病毒會感染幾乎每一種生物機體,無論是人、老鼠、跳蚤還是細菌,都逃脫不了病毒的攻擊。但是這些寄生生物無法獨立生活:它們需要進入宿主細胞內部,這也就是為什么病毒學家也需要培養細胞,不過要想掌握這種細胞培養技術,就必須對病毒和宿主細胞都有所了解。

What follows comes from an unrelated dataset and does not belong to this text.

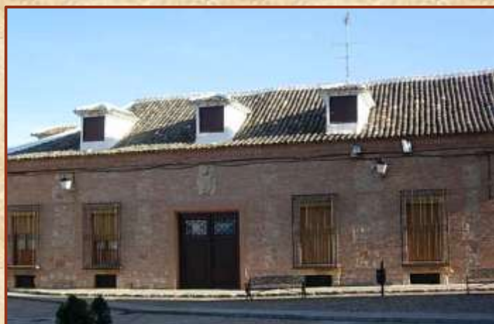
Casa de las “Buhardillas”

Palacio de los Comendadores , edificio del siglo XVI de planta rectangular, con extenso patio, que fue residencia de los comendadores de la Orden de Santiago, coronan el portón dos escudos con la Cruz de Santiago dentro de un arco que se aloja en un amplio dintel. También llamada Casa de la Encomienda .

因為這個過程并不是簡單的把病毒和細胞都放到培養皿中就行,因此要想真正掌握病毒學研究的細胞培養技術,還是需要花費一番功夫的,這里通過了解幾位病毒學家的培養思路和技巧,介紹了一些病毒-細胞培養系統和方法。
病毒
細胞當然只是培養體系的一半,另一半病毒也存在選擇上的問題。一旦病毒開始在培養基中生長,那么它們就會發生改變,為了適應生長速度或毒力而產生突變。Bloom在研究中就發現貓腎培養基中的阿留申病毒會導致水貂患上一種輕微的疾病,至今他們也不清楚原因是什么。

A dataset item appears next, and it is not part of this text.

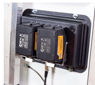
Zwei leichte Li-Ionen Akkus direkt am Gerät montiert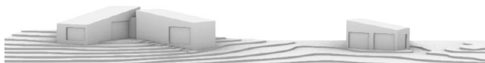
Terrænmodel af ny ansøgning set fra nord ..og fra nordøst under

病毒來源的選擇主要看個人的目的,如果你希望感染培養基中的每一個單細胞,分析細胞的反應,那么可以選擇高感染性的實驗室毒株,但是如果要分析潛在治療的效果,那么建議選擇野生型病毒。
在選好細胞系和病毒毒株后,研究人員就要開始考慮所用病毒的劑量,以及感染的時長。
“這并不是最令人感興趣的實驗,但確實實實在在的科研,”Kaushic說。定量病毒感染培養基所需份量,以及計算空斑或蝕斑數量最經典的方法就是在培養皿或培養瓶中的單層細胞實驗,每個蝕斑都是單個病毒粒子感染的應答。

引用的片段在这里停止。